Just a few months before saying goodbye to Oxford, I finally had a chance to take a day trip to Bibury, located in Gloucestershire. Although it was not an easy trip due to the infrequency of public transports, my friend and I managed to get there thanks to our meticulous plan. From Oxford, we took the 853 bus (Direction: Cheltenham/Gloucester) and stopped at Northleach. And then from Northleach, we took the 855 (Direction: Cirencester) to Bibury. Remember that time management is the key for a perfect day trip to Bibury from Oxford using buses. For a more detailed account of my travel planning, check out this post from my personal blog: Bibury: A Quintessentially English Image.
The main attraction of Bibury is the Arlington Row, which appears on the United Kingdom passports. Built in 1380, the cottages of the Arlington Row were originally a wool store. They represent the traditional architecture of the rural villages of the Cotswold District. You can even stay overnight in one of the heritage cottages. The picturesque River Coln near the Arlington Row adds to the beauty of the village and sets a relaxing mood for any visitor.
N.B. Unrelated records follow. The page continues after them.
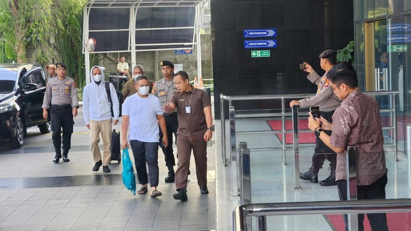 Foto: Gubernur Riau Abdul Wahid (kaus putih) saat tiba di gedung KPK. Wahid dikawal petugas saat masuk ke dalam gedung. (Adrial/detikcom)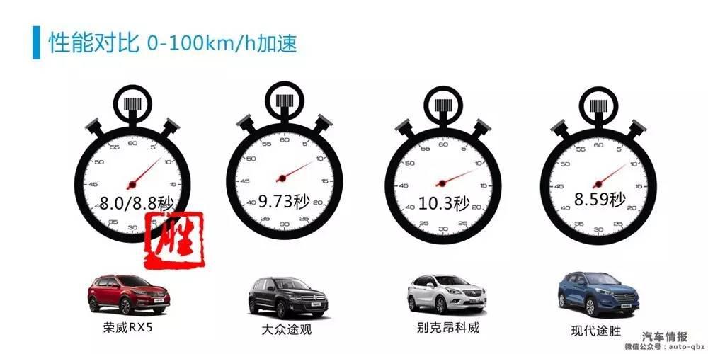 在更進一步的性能對比環(huán)節(jié)中,榮威RX5在0-100km加速中表現(xiàn)出來的實力讓人吃了一驚,8.0/8.8秒,這不正是表弟名爵銳騰“8秒破百”的即視感嗎?相比之下,昂科威10.秒,途觀9.73秒的加速成績確實讓人難以滿意。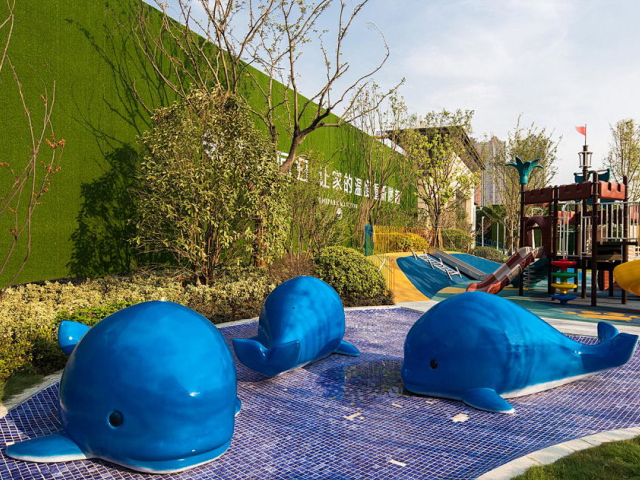 巧用玻璃钢卡通海豚雕塑,点亮滨海社区公园活力
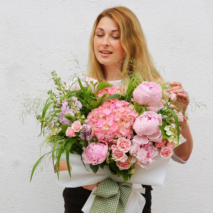 Гортензия, пион, роза, маттиола, вибурнум, колоски, бант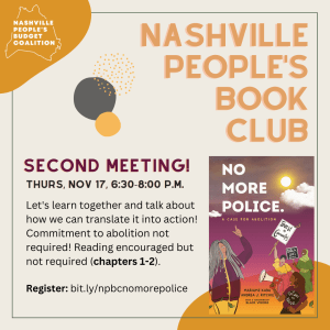 Our first three meetings of the Nashville People’s Book Club were full of generative conversation as we connected the dots between No More Police: A Case for Abolition and what we’re seeing with regards to policing in Nashville. Our final three meetings will be: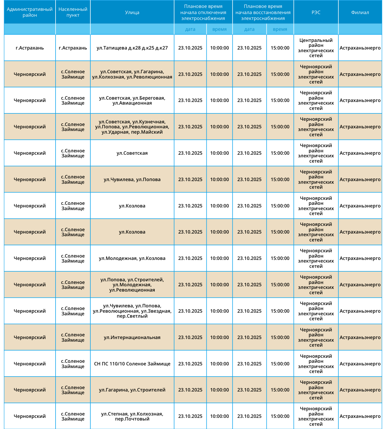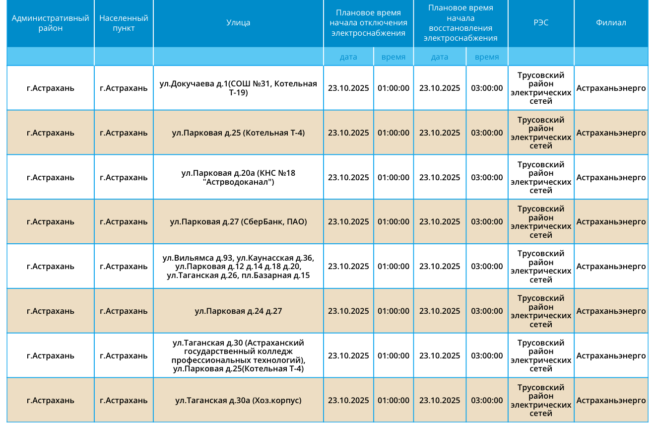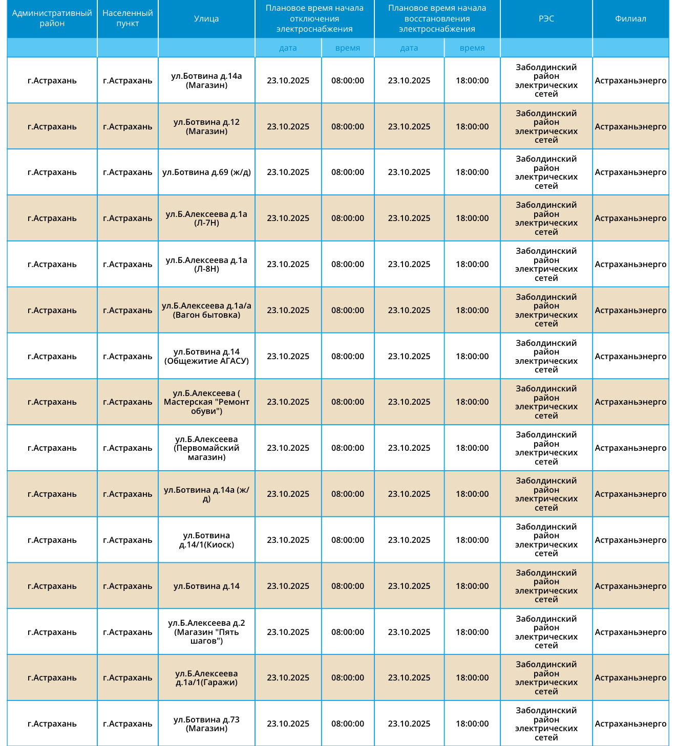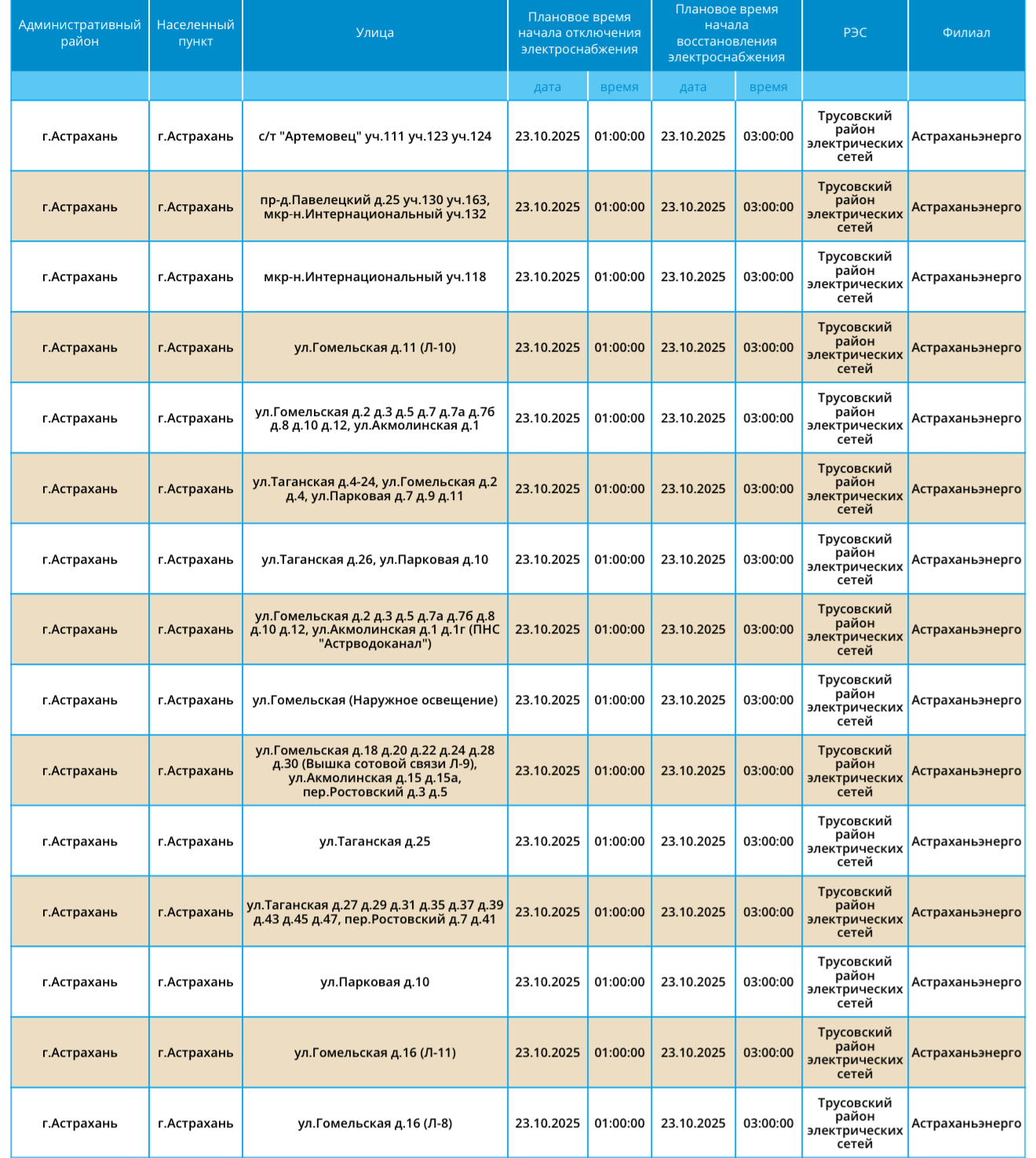 Тысячи абонентов останутся без электроэнергии, сообщили сотрудники ПАО «Россети Юг». Кроме того, свет отключат в нескольких школах, больницах и кафе. Отключения электричества пройдут как в самом областном центре, так и в Наримановском, Харабалинском, Приволжском и Черноярском районах. Подробнее со списком адресов можно ознакомиться в галерее ниже: Также напоминаем, что удобнее всего следить за актуальной информацией о перебоях с электричеством, водоснабжением и прочими бытовыми неудобствами на интерактивной карте города. А в случае, если отключения произошли незапланированно, обращайтесь по указанным ниже номерам телефонов: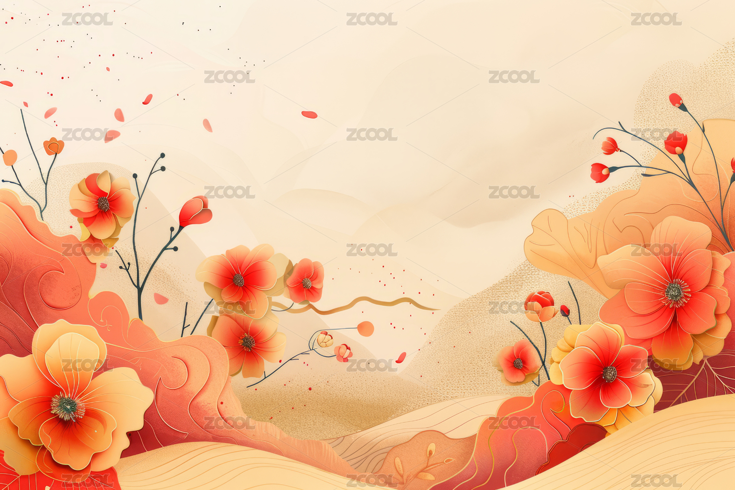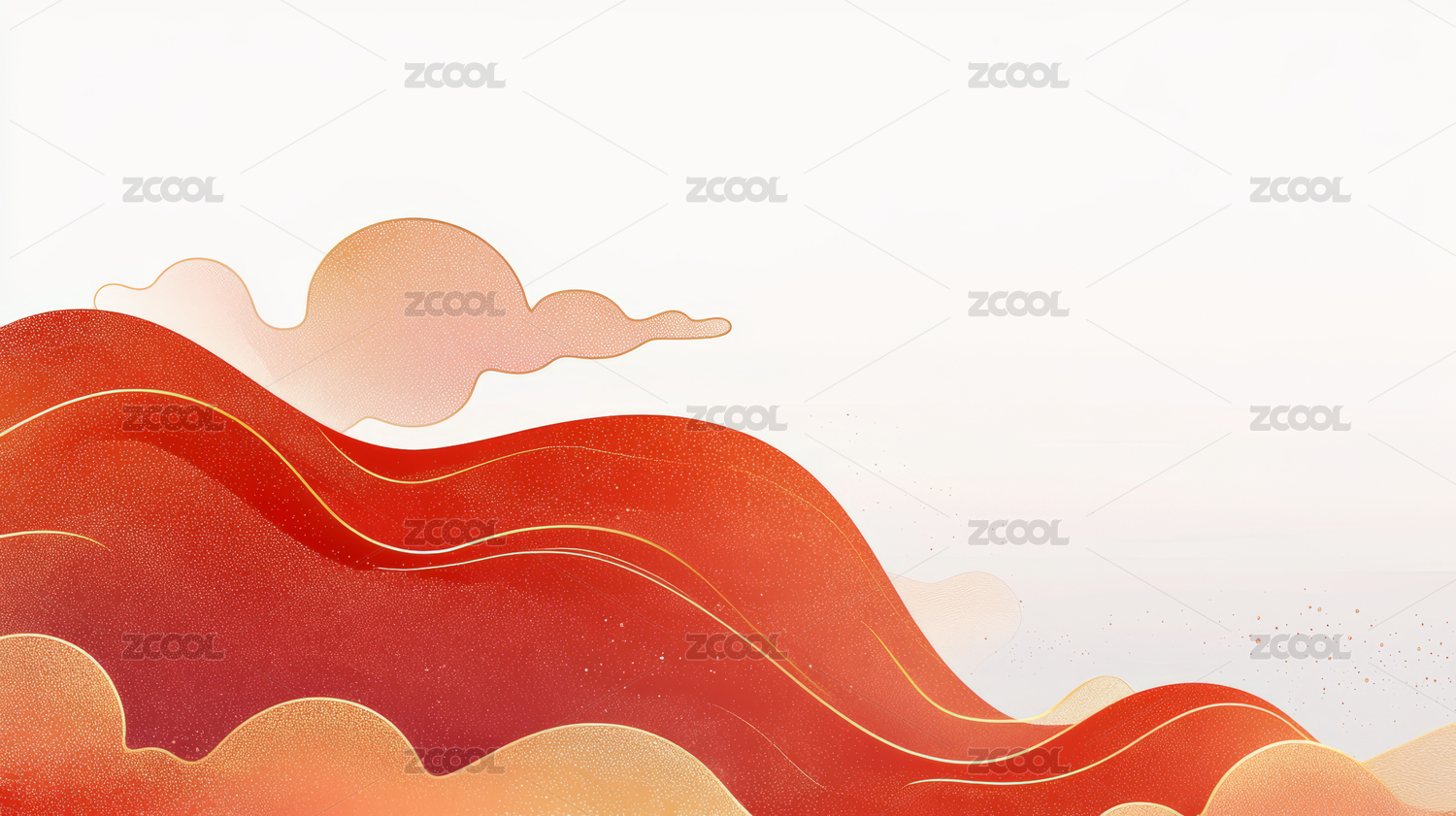 国潮风新年春节题材喜庆山水祥云插画背景插画

A visit to the Bibury Trout Farm will be fun as it is a family-friendly activity. I decided to skip this place because I was not into fishing. For a tasty and budget lunch, I recommend trying the restaurant The Catherine Wheel, which is only a 5-min walk from the trout farm. Trout is a Bibury's specialty so do not forget to try a trout dish. The pan-fried trout fillet at the Catherine Wheel was excellent. If you prefer a sophisticated lunch for a special occasion, book a table at the Swan Hotel. After lunch, my friend and I took a stroll through the village and found St. Mary Church, a grade I listed church dating to the 12th century.
While taking pictures of the Arlington Row, I kept seeing a striking yellow car, which was an eyesore to many tourists. I found it quite funny that someone would not mind parking their car there and "photobombing" people's photos. Later, I found out that the car belonged to an elderly local man, who argued that he should have had the right to park his car wherever he wanted. Instead of being annoyed, I thought he was right because he was a resident of the village. The whole situation became humorous as visitors kept complaining about the appearance of the car, and the story was featured in many newspapers. The car was a realistic and modern touch to the otherwise fairy-tale destination, making the village not as dreamy as expected by foreigners. I wonder if the car is still there.
To me, Bibury was more than just a beautiful and quaint village in the Cotswold. It was the ultimate Englishness that I was looking for while living in the UK. Among many other things such as the afternoon tea, the posh accent, and the capital London, the village Bibury was definitely the most typical English thing that I had seen. I even encountered some British humor there.